The mayor said he plans to give all city teachers who are rated as “highly effective” two years in a row a $20,000 boost, in an effort to retain the best teachers. He also proposed paying college graduates in the “top tier” up to $25,000 toward their student loans: “The burden of paying back college loans can sometimes lead top-level students to cross teaching off their list of possible careers. But we need their talents in our classrooms,” the mayor told attendees at the speech, held at the Morris High School campus.
This new plan lines up pretty closely with contentious statements the mayor had made in December: "If I had the ability, which nobody does really, to just design a system and say, ‘ex cathedra, this is what we’re going to do,’ you would cut the number of teachers in half, but you would double the compensation of them, and you would weed out all the bad ones." He later explained his major point was that spending money to keep talented teachers was worth it.
The mayor has been locked in a fight with the United Federation of Teachers over the new teacher evaluation system, a fight which put nearly $60 million in federal funding at risk.
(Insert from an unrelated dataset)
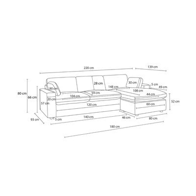 Su dešiniuoju kampu/su kairiuoju kampu/kintama/su gultu, smėlio spalvos, trivietė, plotis 220 cm

But he believes the city can keep the funds by forming school-based committees to judge teachers in those under-performing schools on merit. The committees could choose to replace up to half of the schools’ faculties if they wish, he said.
Among his other announcements: Bloomberg supports Assembly Speaker Sheldon Silver's push to boost the state’s minimum wage. He proposed plans to bring more affordable housing to the Lower East Side through new development near Delancey Street. He plans a new package of incentives to attract film and digital media companies to Grand Central Terminal area. He also promised to add more protected bike lanes, step up traffic enforcement, and enact the bike share program this summer.